··· DATA RECORDS ···
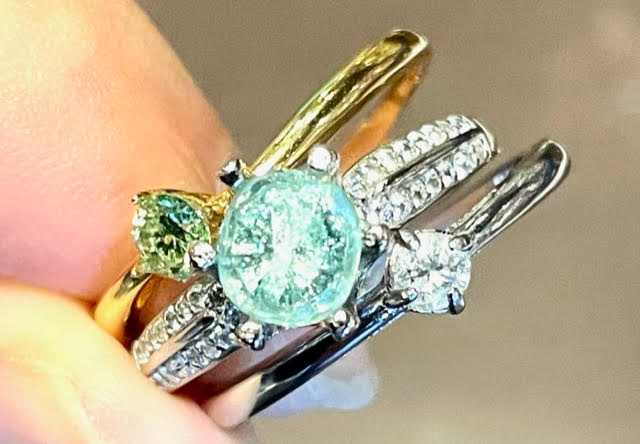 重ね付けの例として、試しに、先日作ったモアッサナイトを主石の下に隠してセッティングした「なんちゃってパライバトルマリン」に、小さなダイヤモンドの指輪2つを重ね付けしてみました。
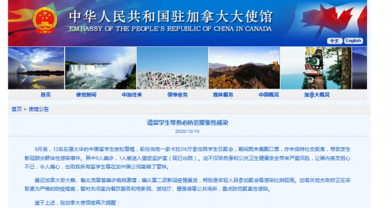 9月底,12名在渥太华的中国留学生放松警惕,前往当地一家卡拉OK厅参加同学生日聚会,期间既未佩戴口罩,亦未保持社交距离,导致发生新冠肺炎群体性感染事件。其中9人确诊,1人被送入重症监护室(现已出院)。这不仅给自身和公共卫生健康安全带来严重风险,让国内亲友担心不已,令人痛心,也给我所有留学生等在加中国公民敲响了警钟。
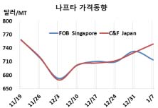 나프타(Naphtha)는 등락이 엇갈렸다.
···
··· DATA RECORDS ···
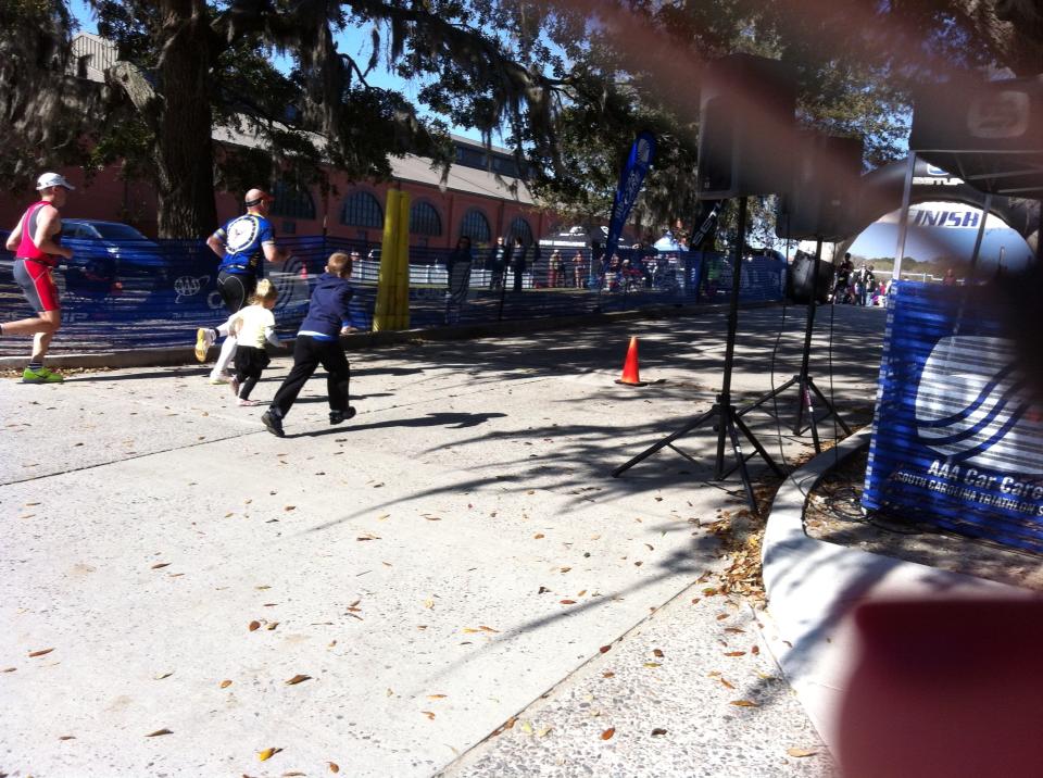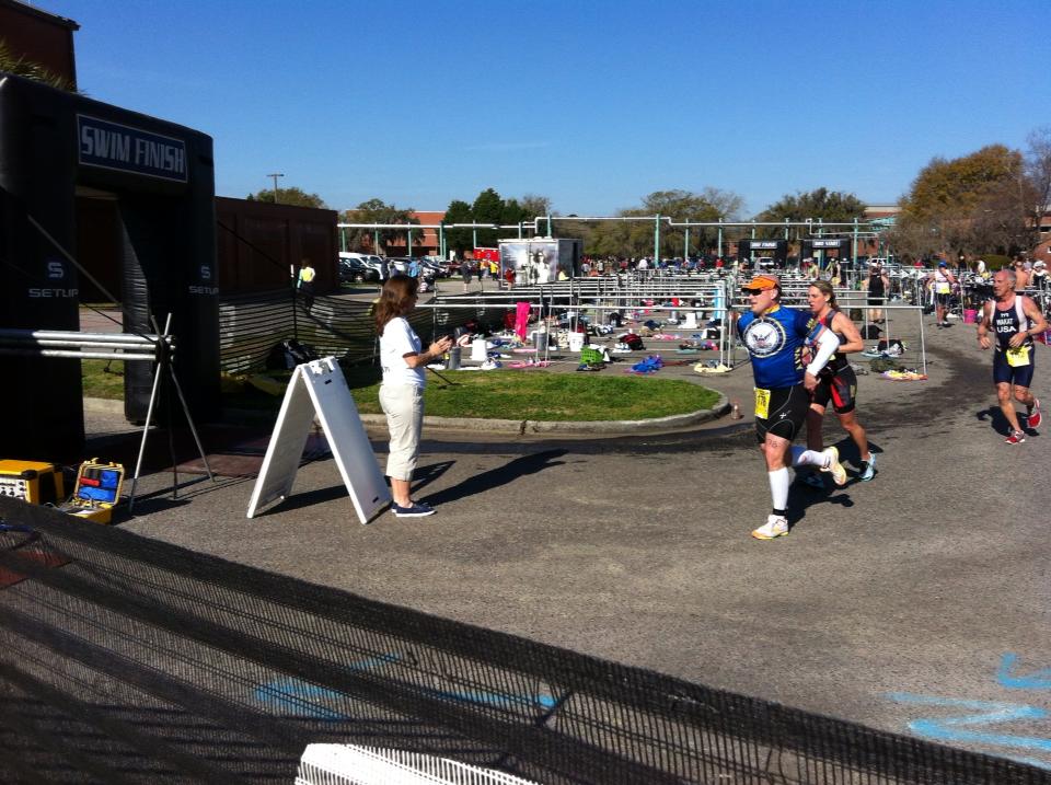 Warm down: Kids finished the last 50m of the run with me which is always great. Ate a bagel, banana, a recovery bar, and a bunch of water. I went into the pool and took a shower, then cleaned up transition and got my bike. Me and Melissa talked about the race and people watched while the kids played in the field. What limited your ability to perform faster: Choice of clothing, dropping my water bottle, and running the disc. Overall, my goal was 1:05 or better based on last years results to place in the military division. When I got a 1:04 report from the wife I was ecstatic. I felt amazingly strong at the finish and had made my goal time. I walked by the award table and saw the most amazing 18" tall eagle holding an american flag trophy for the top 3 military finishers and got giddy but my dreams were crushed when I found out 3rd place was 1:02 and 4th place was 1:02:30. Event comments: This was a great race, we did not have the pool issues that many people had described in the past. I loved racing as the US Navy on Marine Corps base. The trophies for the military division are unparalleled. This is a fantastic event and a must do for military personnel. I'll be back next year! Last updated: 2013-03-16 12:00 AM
···
··· DATA RECORDS ···
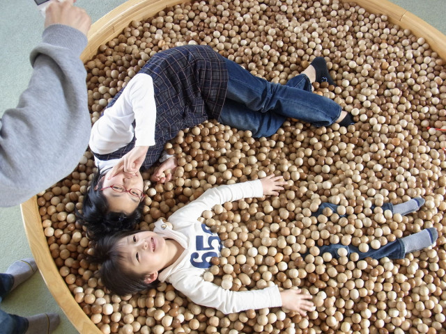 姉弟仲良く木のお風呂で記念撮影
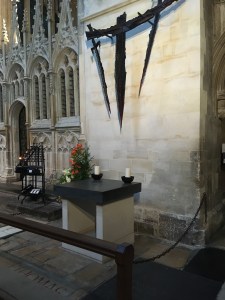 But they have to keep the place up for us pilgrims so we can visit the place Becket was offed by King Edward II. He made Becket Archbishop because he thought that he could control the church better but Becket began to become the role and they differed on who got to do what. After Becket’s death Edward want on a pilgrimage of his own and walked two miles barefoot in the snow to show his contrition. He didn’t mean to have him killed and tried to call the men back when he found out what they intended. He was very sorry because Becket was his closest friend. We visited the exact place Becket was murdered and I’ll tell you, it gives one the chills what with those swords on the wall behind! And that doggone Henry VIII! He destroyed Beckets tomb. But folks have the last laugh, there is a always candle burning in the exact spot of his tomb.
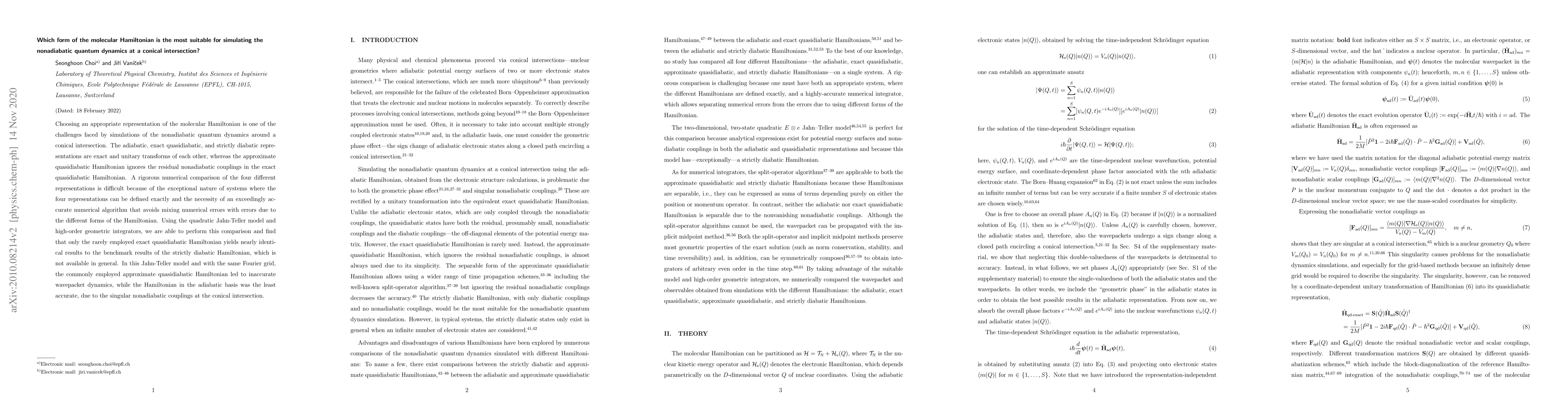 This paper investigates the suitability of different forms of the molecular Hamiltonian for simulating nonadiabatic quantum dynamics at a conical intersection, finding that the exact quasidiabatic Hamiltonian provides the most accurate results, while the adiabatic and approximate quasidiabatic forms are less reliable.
···
YOUR GOAL:
Every line above in the stretch from the one with "重ね付けの例として、試しに、" through the one with "나프타(Naphtha)는 등락이 엇갈렸다." is to be transcribed exactly, ends included. No picture is copied.

COMPLETED EXERCISE:
 重ね付けの例として、試しに、先日作ったモアッサナイトを主石の下に隠してセッティングした「なんちゃってパライバトルマリン」に、小さなダイヤモンドの指輪2つを重ね付けしてみました。
 9月底,12名在渥太华的中国留学生放松警惕,前往当地一家卡拉OK厅参加同学生日聚会,期间既未佩戴口罩,亦未保持社交距离,导致发生新冠肺炎群体性感染事件。其中9人确诊,1人被送入重症监护室(现已出院)。这不仅给自身和公共卫生健康安全带来严重风险,让国内亲友担心不已,令人痛心,也给我所有留学生等在加中国公民敲响了警钟。
 나프타(Naphtha)는 등락이 엇갈렸다.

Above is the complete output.